## Records
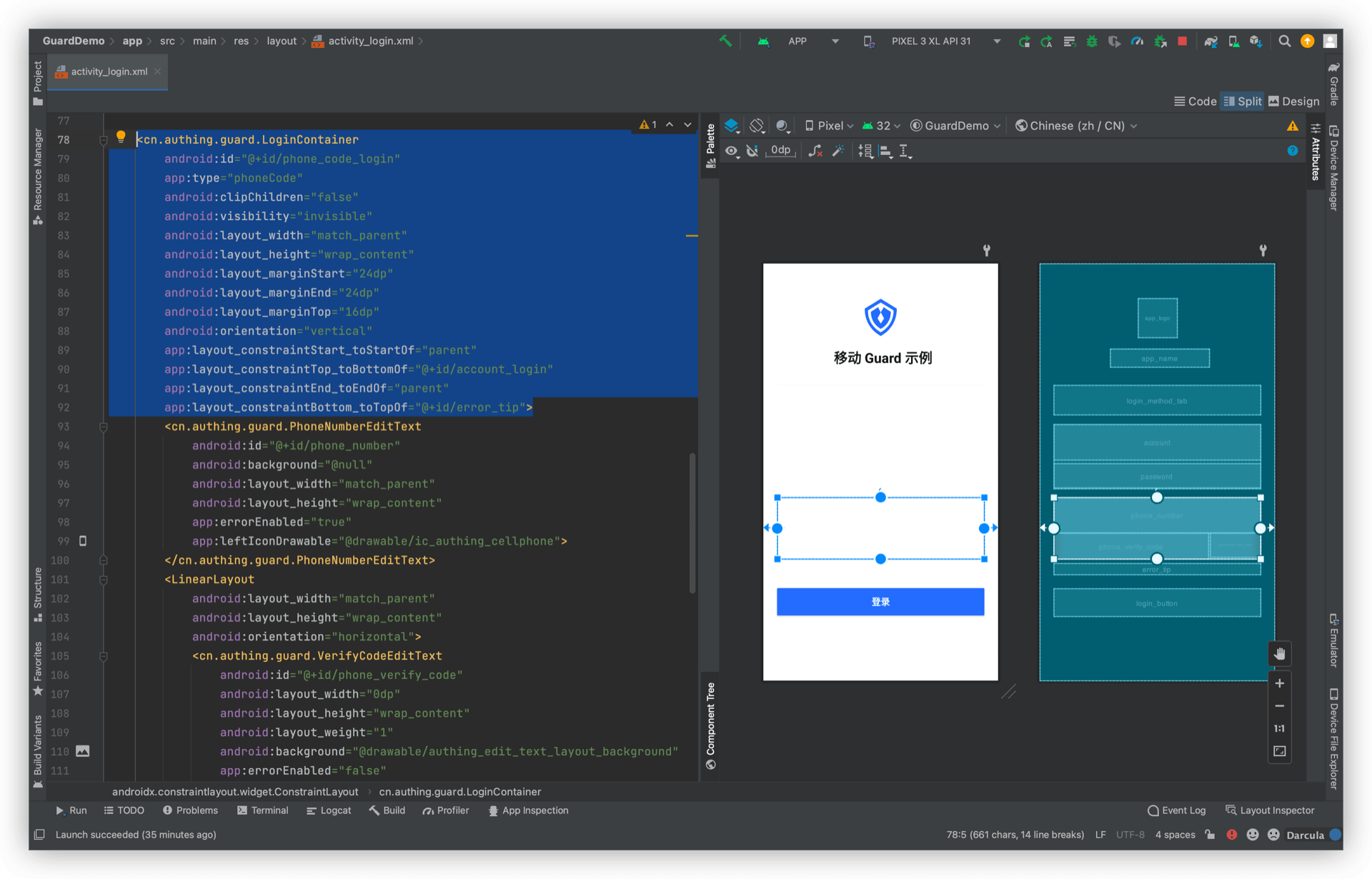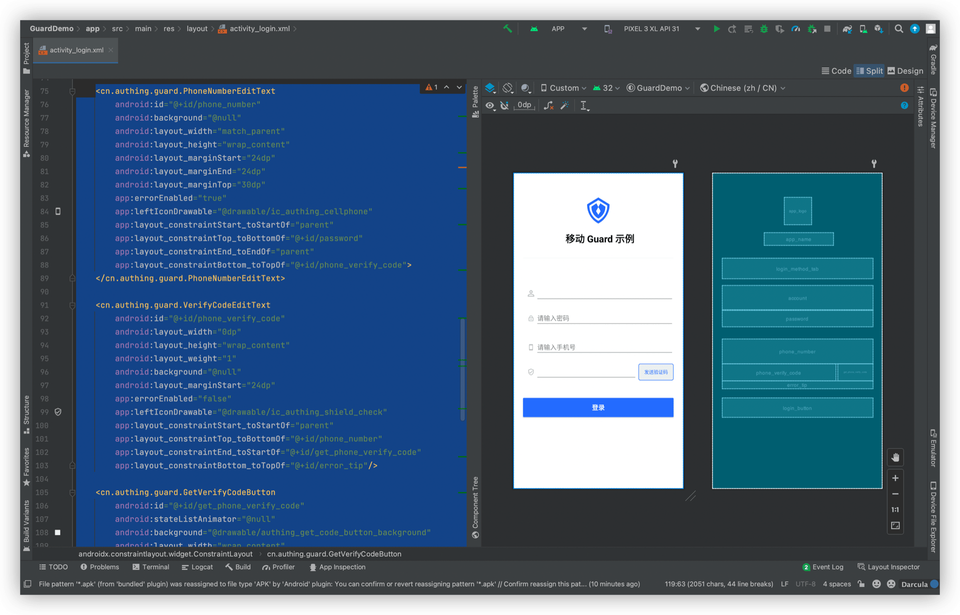 再放置一个 LoginContainer,将 PhoneNumberEditText、VerifyCodeEditText、GetVerifyCodeButton 放到第二个 LoginContainer 里面,设置 type 属性,app:type="phoneCode"。
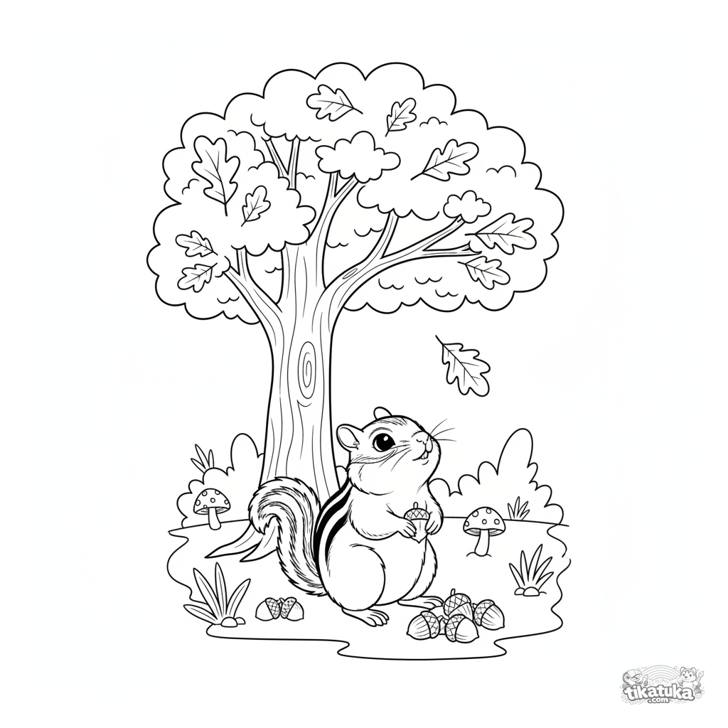 Coloring page of a chipmunk in an autumn forest. For kids 4-6 years old. The chipmunk with full cheeks looks curiously at a falling leaf.
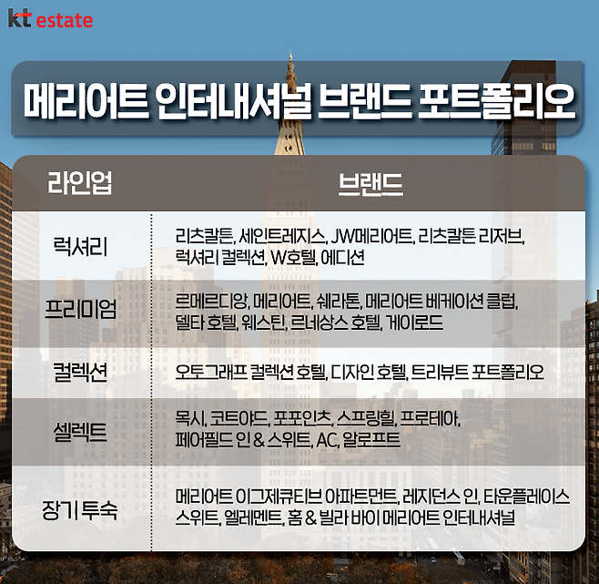 그중에서도 일반인 사이에선 역시 1위를 차지한 메리어트 인터내셔널에 관한 관심도가 높은 편인데요. 메리어트 인터내셔널은 전 세계에서 가장 큰 규모의 호텔 그룹으로 보유한 브랜드만 무려 30개나 된다고 알려진 바 있습니다. 일례로 르메르디앙을 비롯해 JW메리어트, 리츠칼튼, W호텔, 쉐라톤, 메리어트, 그리고 목시 등 그 이름만 들어도 친숙한 브랜드가 적지 않습니다.
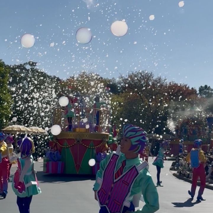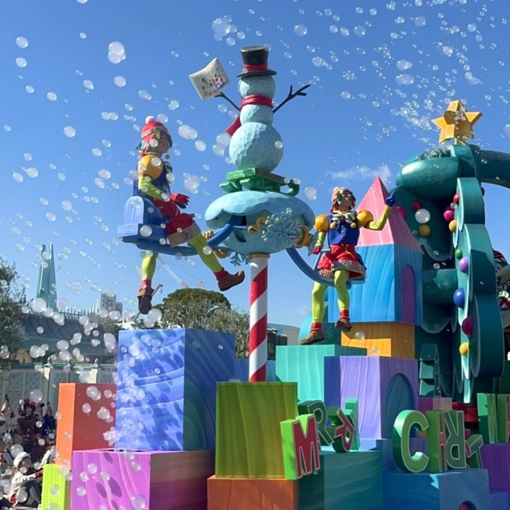 途中にゲストも一緒になって踊れるダンスもあり、あまりに楽しくて鑑賞の最中に「絶対また観たい!」と思ったくらい、私は大好きなパレードになりました♡そして、クライマックスでは舞い上がる雪のようなシャボン玉がパーク内に広がり、大盛り上がりでパレードは終了しました。
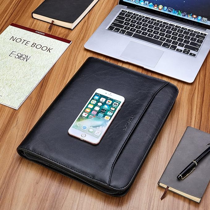- FREE NOTEBOOKS INCLUDED:Enjoy two free 30-page notebooks with this padfolio document organizer. The micro-perforated sheets allow for easy page removal, while the smooth writing paper ensures a pleasant writing experience. The SIM memory card holder design keeps your cards secure and easily accessible, making this padfolio perfect for both left and right-handed users.

## What this task involves
Copy out all the data above exactly, pictures excluded.

## Response to this exercise
 再放置一个 LoginContainer,将 PhoneNumberEditText、VerifyCodeEditText、GetVerifyCodeButton 放到第二个 LoginContainer 里面,设置 type 属性,app:type="phoneCode"。
 Coloring page of a chipmunk in an autumn forest. For kids 4-6 years old. The chipmunk with full cheeks looks curiously at a falling leaf.
 그중에서도 일반인 사이에선 역시 1위를 차지한 메리어트 인터내셔널에 관한 관심도가 높은 편인데요. 메리어트 인터내셔널은 전 세계에서 가장 큰 규모의 호텔 그룹으로 보유한 브랜드만 무려 30개나 된다고 알려진 바 있습니다. 일례로 르메르디앙을 비롯해 JW메리어트, 리츠칼튼, W호텔, 쉐라톤, 메리어트, 그리고 목시 등 그 이름만 들어도 친숙한 브랜드가 적지 않습니다.
 途中にゲストも一緒になって踊れるダンスもあり、あまりに楽しくて鑑賞の最中に「絶対また観たい!」と思ったくらい、私は大好きなパレードになりました♡そして、クライマックスでは舞い上がる雪のようなシャボン玉がパーク内に広がり、大盛り上がりでパレードは終了しました。
- FREE NOTEBOOKS INCLUDED:Enjoy two free 30-page notebooks with this padfolio document organizer. The micro-perforated sheets allow for easy page removal, while the smooth writing paper ensures a pleasant writing experience. The SIM memory card holder design keeps your cards secure and easily accessible, making this padfolio perfect for both left and right-handed users.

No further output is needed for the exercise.